Once again the objective is convex hence a convex solver can be applied.

Otherwise, the above algorithm can be adapted for the case of [itex]f(\vec{x})= \sum_{i}|\vec{a_{i}}^{T}\vec{x}+b_i|[/itex], by holding all but one variable in [itex]\vec{x}[/itex] as constant. The algorithm has to be applied repeatedly to every variable in a round robin fashion. Convergence is guaranteed, but I cannot put a bound on the number of iterations required. A good initial value for [itex]\vec{x}[/itex] to start the iteration is [itex]-A^{\dagger}\vec{b}[/itex], where the rows of [itex]A[/itex] are [itex]\vec{a_{i}}^{T}[/itex], and the entries of [itex]\vec{b}[/itex] are [itex]b_i[/itex].

An algorithm which jointly optimizes for all variables in [itex]\vec{x}[/itex] is welcomed.

Aero51

Would it be possible to find the minimum by squaring the function inside the absolute value signs then carrying out the necessary steps to find a minnima/maxima? I think this should work for any polynomial, not sure about other functions though.

Ang Zhi Ping

The solution obtained using this method will not be the same as that in the original formulation, though it may possibly be close.

awkward

If you have access to a linear programming package, problems of this type can be solved by linear programming. In the above problem, we would reformulate the problem as follows:

minimize a + b + c + d
subject to
a - b = 1 - x - y
c - d = 4 - 2x - y
a, b, c, d >= 0

The trick is that if [itex]1 - x - y \ge 0[/itex], then [itex]a = 1 - x - y[/itex] and [itex]b = 0[/itex]; otherwise [itex]a = 0[/itex] and [itex]b = - (1 - x - y)[/itex]. So [itex]a + b = |1 - x - y|[/itex] in all cases.
You might think that other solutions are possible-- for example, if [itex]1 - x - y = 2[/itex], then [itex]a = 3[/itex] and [itex]b = 1[/itex] seems to be an alternative solution that would mess things up. But this will never happen if you are using the Simplex Algorithm, because it is guaranteed to always find a solution at a vertex of the feasible polyhedron. At least one of [itex]a[/itex] and [itex]b[/itex] will always be zero.

Aero51

Why?
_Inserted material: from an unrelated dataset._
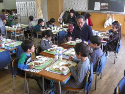 いらしていただいた方にいっしょに給食を食べていただき、交流しました。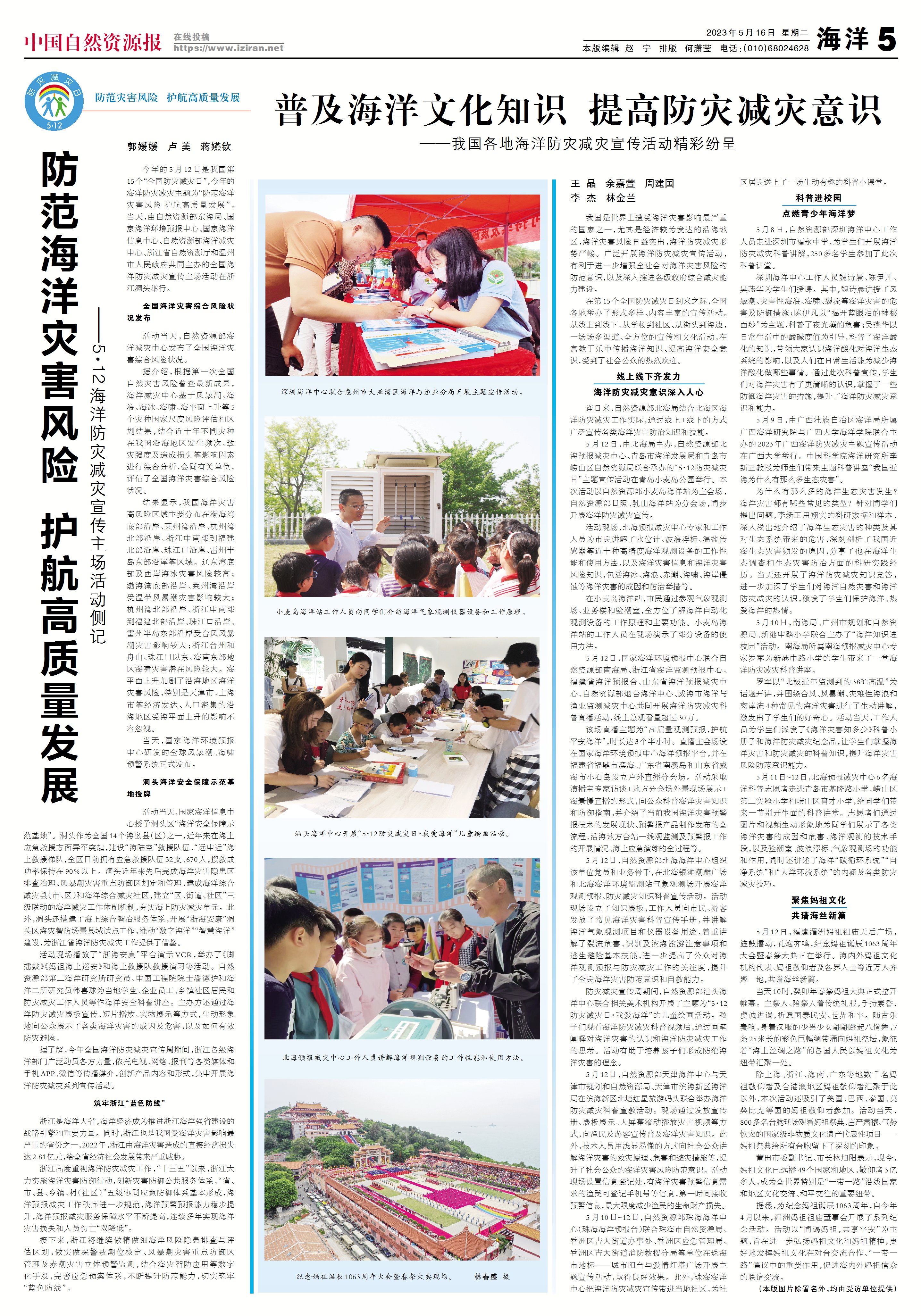 5月12日,国家海洋环境预报中心联合自然资源部南海局、浙江省海洋监测预报中心、福建省海洋预报台、山东省海洋预报减灾中心、自然资源部烟台海洋中心、威海市海洋与渔业监测减灾中心共同开展海洋防灾减灾科普直播活动,线上总观看量超过30万。

If you square the function and find the zeros, these points should correspond to where a derivative does not exist in the original function. Take a-x, for example, if you calculate the 0 point of (a-x)^2 you get a double root at x=a, consistent with the original formula. Squaring any higher order polynomial inside the absolute value function will still have roots at the location where the original function has no derivative. You can use this information to more quickly find the max/min of an absolute value function.

Ang Zhi Ping

This method works if [itex]f(x)[/itex] comprises of a single absolute term. If there are two or more terms, i.e. [itex]f(x,y) = |2x-y+3|+|x+3y+1| + |x-y+6|[/itex], the optimal solution which minimizes [itex]f[/itex] is not the same as [itex]g(x,y) = (2x-y+3)^2+(x+3y+1)^2 +(x-y+6)^2[/itex], simply because there is no way to transform the second equation to the first.